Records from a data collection
Content starts

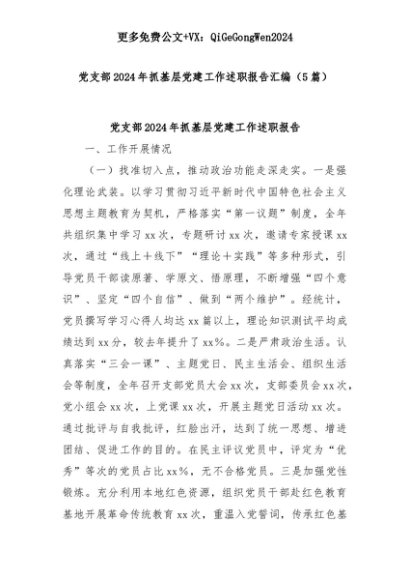 【七哥公文】2025年:(5篇)党支部2024年抓基层党建工作述职报告汇编+更多免费公文+VX:QiGeGongWen2024+更多免费公文+VX:QiGeGongWen2024
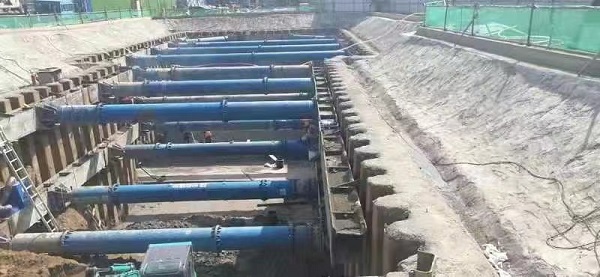 該工程于今年5月中旬開始施工,項目部提前編制了專項施工方案,并經(jīng)過專家論證。5月25日基坑開挖,項目部弘揚工匠精神,基坑圍護根據(jù)方案及現(xiàn)場環(huán)境采用拉森鋼板樁支護,轉(zhuǎn)角部位水泥樁加固支護。開挖土方至1.5米,設置第一道支撐,采用直徑609毫米×14毫米鋼管作為對撐或斜撐。開挖至坑底,墊層施工、支護樁之間設置第二道支撐,坡頂采用鋼筋網(wǎng)固定,噴射細石混凝土。基坑邊砌筑擋水墻,設置排水溝。指定第三方檢測單位進行每日變形監(jiān)測。
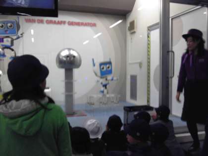 静電気発生装置に代表二人が入り体験。
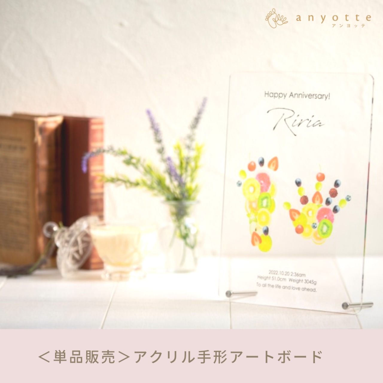 セミオーダーのアクリルボードをお作りいたします。子ども1人の手形と足形を1つずつ入れられます。
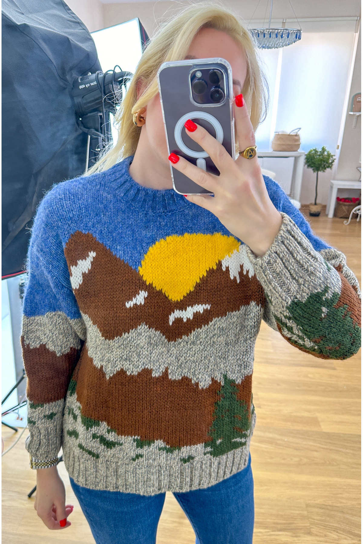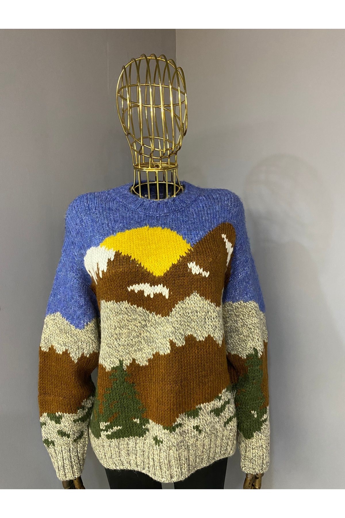 Dağ desenli bisiklet yakalı örgü kazak Dağ desenli bisiklet yakalı örgü kazak NVKADİG-MA17 S/M
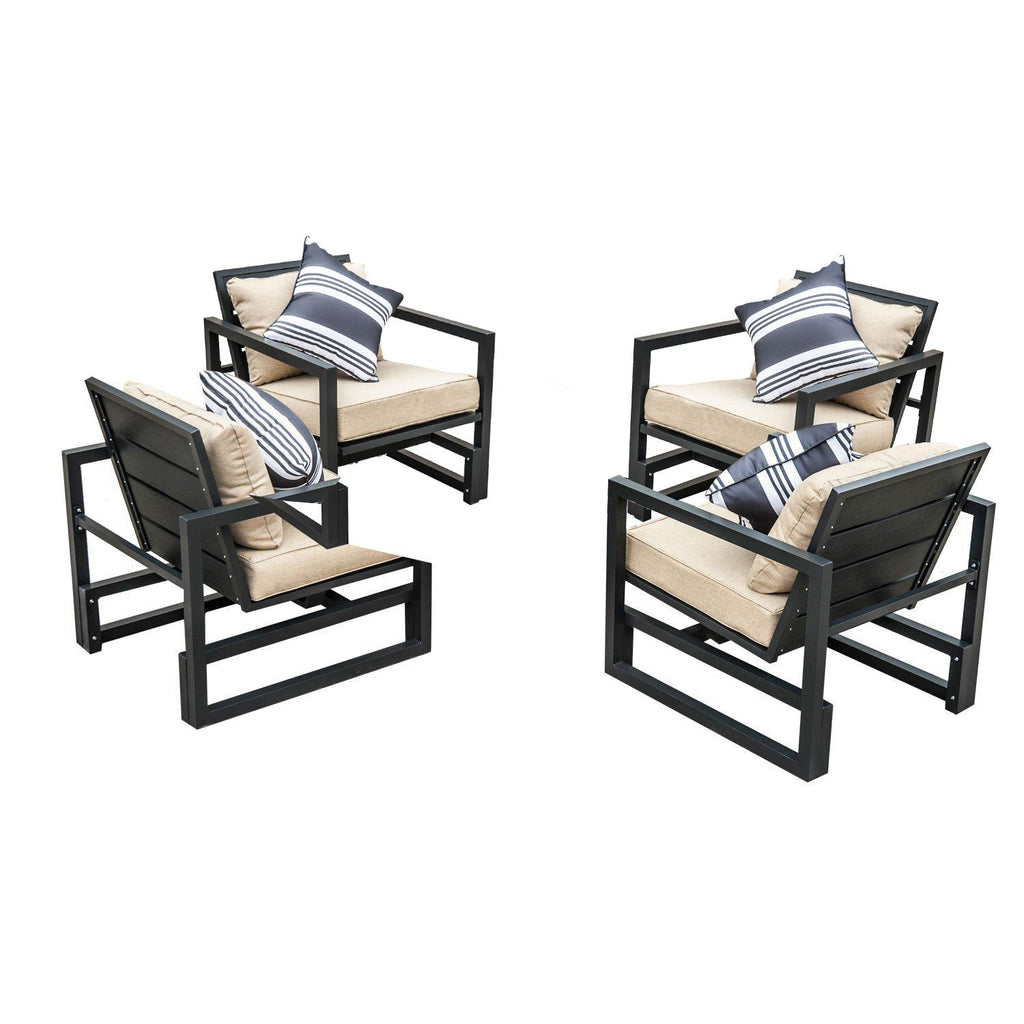 Le 4 poltrone sono realizzate in struttura di alluminio rivestita di legno composito WPC e sono di facile manutenzione e resistenti alle intemperie.

Content ends

» **TASK INSTRUCTIONS**
Transcribe exactly the lines running from the line with "セミオーダーのアクリルボード" to the last line of the entries. Pictures stay out of the copy.

» **SOLUTION FOR THIS EXERCISE**
 セミオーダーのアクリルボードをお作りいたします。子ども1人の手形と足形を1つずつ入れられます。
 Dağ desenli bisiklet yakalı örgü kazak Dağ desenli bisiklet yakalı örgü kazak NVKADİG-MA17 S/M
 Le 4 poltrone sono realizzate in struttura di alluminio rivestita di legno composito WPC e sono di facile manutenzione e resistenti alle intemperie.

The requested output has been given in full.